• _THE TASK_
Retype the following data exactly, but leave its pictures out.

• _DATA PROVIDED_
- - - - -

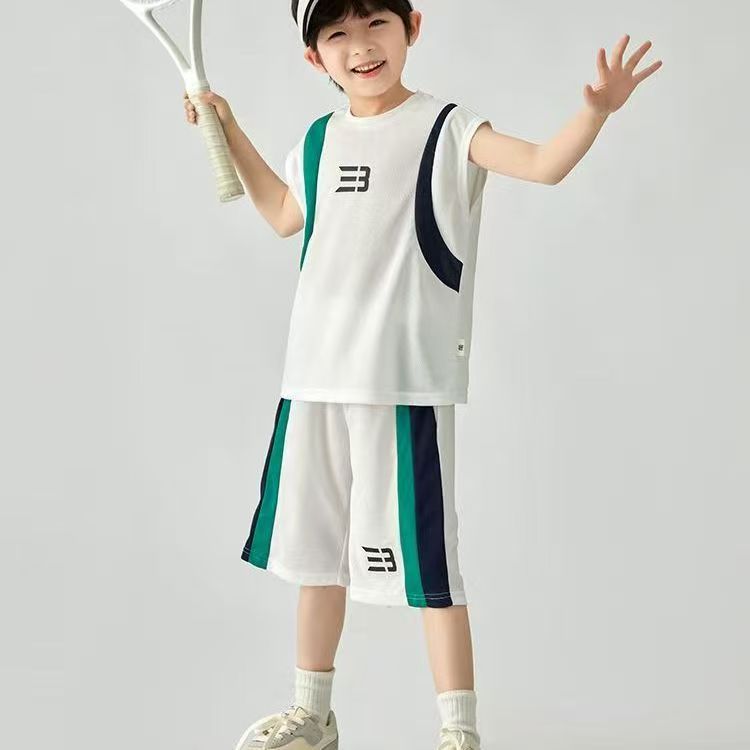 남아 정장, 아동복, 아동 캐주얼 운동복, 중대형 아동 여름 통기성 반팔 의류, 트렌디
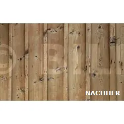 - Gründlich abspülen und mindestens 72 Stunden trocknen lassen (Holzfeuchtigkeit kleiner oder gleich 18%), bevor eine Oberflächenbehandlung aufgetragen wird.
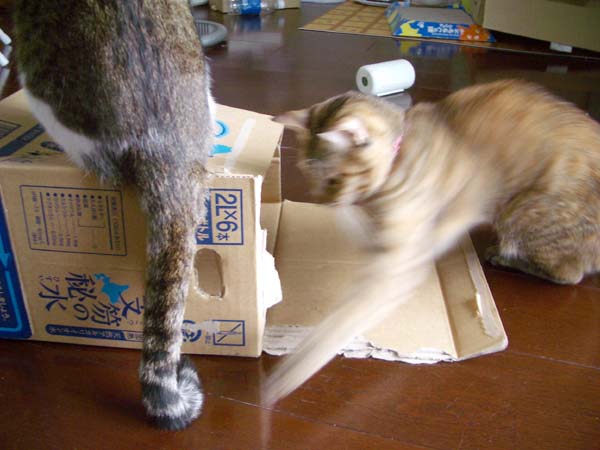 今度は、尻尾に猫パンチ

- - - - -

• _RESULT OF THE TASK_
 남아 정장, 아동복, 아동 캐주얼 운동복, 중대형 아동 여름 통기성 반팔 의류, 트렌디
 - Gründlich abspülen und mindestens 72 Stunden trocknen lassen (Holzfeuchtigkeit kleiner oder gleich 18%), bevor eine Oberflächenbehandlung aufgetragen wird.
 今度は、尻尾に猫パンチ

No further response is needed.